“sheer cold-hearted logic..”

It would be interesting to see comparable figures for previous years but, despite the unlikely allies they face and apparently lacking the required mandate, threats from dissenting republican paramilitary groups forced 11 serving and former police officers to leave their homes in the last year. According to the BBC report, based on a Parliamentary written answer to DUP Upper Bann MP David Simpson [Hansard link here], “Another police officer moved after being targeted by loyalists. Two prison officers were also affected.” At the Guardian’s Politics Blog Henry McDonald notes the “sheer cold-hearted logic” that the deputy First Minister’s rhetoric failed to address.

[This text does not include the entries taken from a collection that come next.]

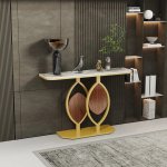 Introducing the Modern Gold Console Table with Geometric Metal Base and Sintered Stone Top, a stunning piece designed to elevate any entryway, foyer, or living room. This exquisite table combines contemporary aesthetics with practical functionality, making it a perfect addition to your modern home. Its sleek design and luxurious materials will impress your guests and enhance your interior decor.
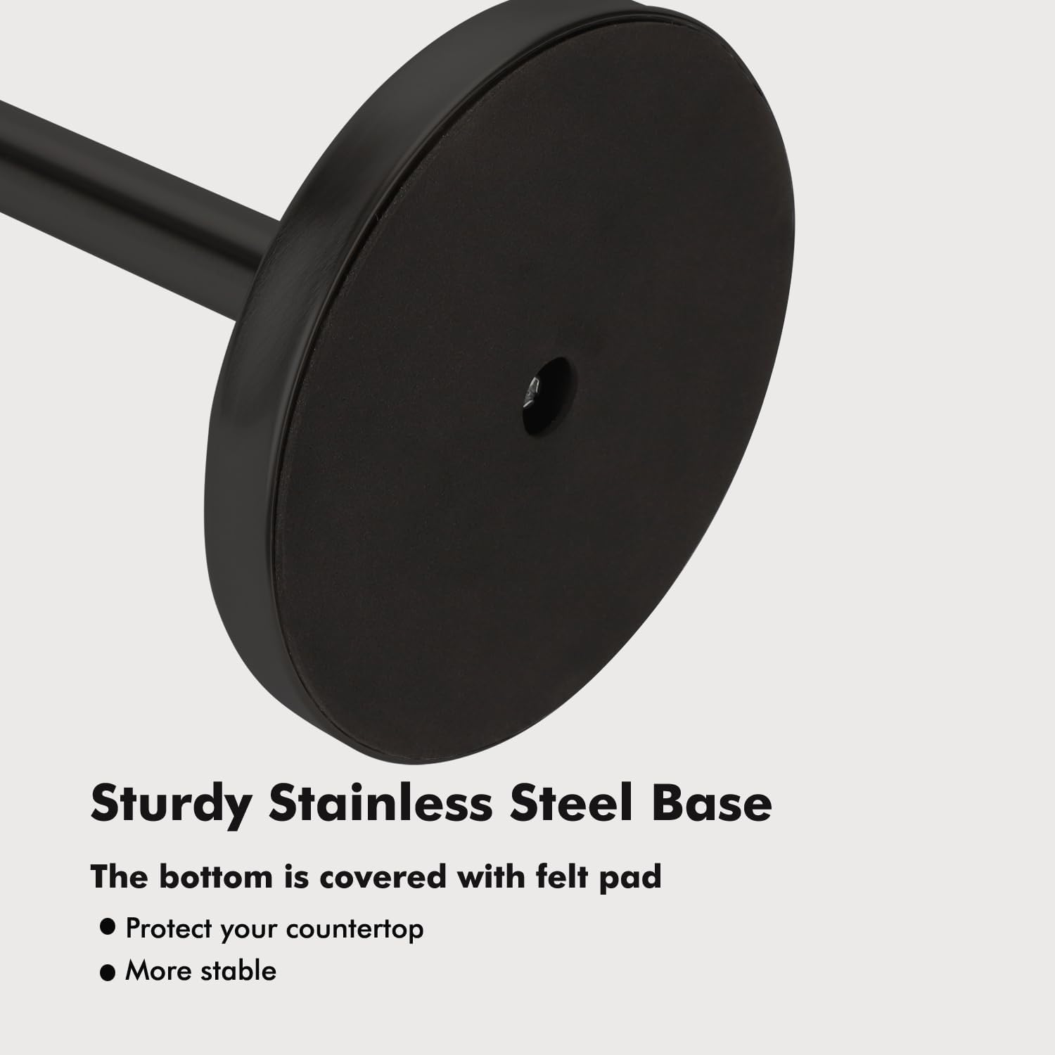 - Base bottom is covered with felt pad, ensuring no scratching to countertop, and keeping extra stability of base.
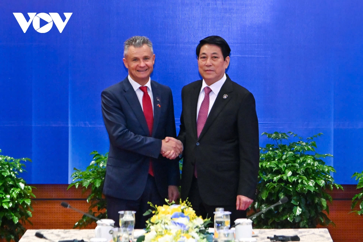 Tại cuộc tiếp, Chủ tịch nước Lương Cường đánh giá cao sự hỗ trợ tích cực của Australia dành cho chủ nhà Việt Nam trong quá trình tổ chức Lễ mở ký Công ước; cảm ơn Chính phủ Australia đã kịp thời hỗ trợ Việt Nam 03 triệu AUD để khắc phục hậu quả bão số 10 và 11.
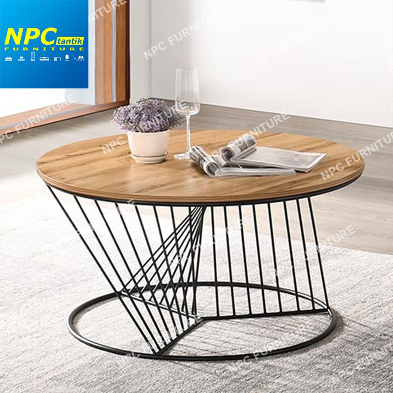 Npc Modern Design Round Coffee Table With Metal Leg Industrial Style Wooden Metal Ready To Use Ct 2281 Shopee Malaysia
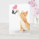 Gold tabby cat with pink heart balloon for 82nd birthday on white background.
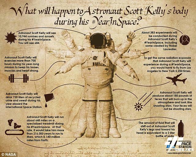 据腾讯网2015年9月17日报道,据国外媒体消息,美国国家航空航天局(NASA)近日发布了一张图表详细解释了在微重力环境中航天员会造成何种影响,比如每日航天员接受的辐射到底有多少,其中一项比较有趣,这就是航天员的排泄物会在大气层中燃烧。
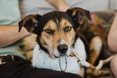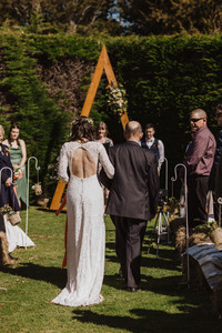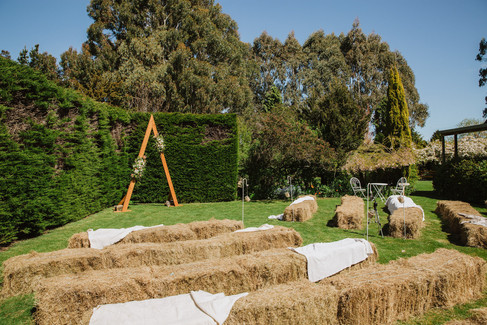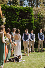 The lawn at the far was set up with bay bales & an arch. Toby the dog walked down the aisle too! It was a beautiful ceremony followed by lawn games and drinks in the garden surrounded by blossom trees!

Yet the singular shield the dissidents have on their side, even if their campaign is entirely nihilistic, is sheer cold-hearted logic. They can counter, with a certain justification, that what they are doing is only carrying out the “unfinished business” of what the Provisionals left incomplete. They can argue that the union has not been broken; Stormont has been shored up instead of smashed, and British troops are still garrisoned, if somewhat far less visibly, inside what the Provisionals always insisted was an illegitimate state.

Henry McDonald continues

It is worth remembering too, as the dissidents will no doubt point out, that when the Provos launched their war in 1969, they did so not principally out of popular feeling but rather as part of a semi-religious project. As the 1916 Proclamation clearly states in its opening line: “Irishmen and women, in the name of God and all the dead generations … ”

From the blood sacrifice of the Easter rising (initiated at least at the time without popular backing – that came later) to the 1969 uprising in the north, republicans were following an historic imperative rather than an electoral one.

Back in the 1960s, when the flame of violent republicanism appeared to be flickering out, it was kept alive in places such as Belfast through a network of families that regarded themselves as a vanguard or brotherhood tasked with a sacred, historic mission. Circumstances shifted in their favour in 1969 in the sectarian conflagration that was to hand over to this cadre thousands of new, young, angry recruits hell bent on revenge against unionists and the state.

Circumstances today of course do not favour the current generation of republican diehards. Yet given the endurance of their ideology, no matter how out of tune it may be to the 21st century, it would tempting fate to predict confidently that the new dissidents will be comprehensively defeated or that they will heed Martin McGuinness’ advice to liquidate themselves.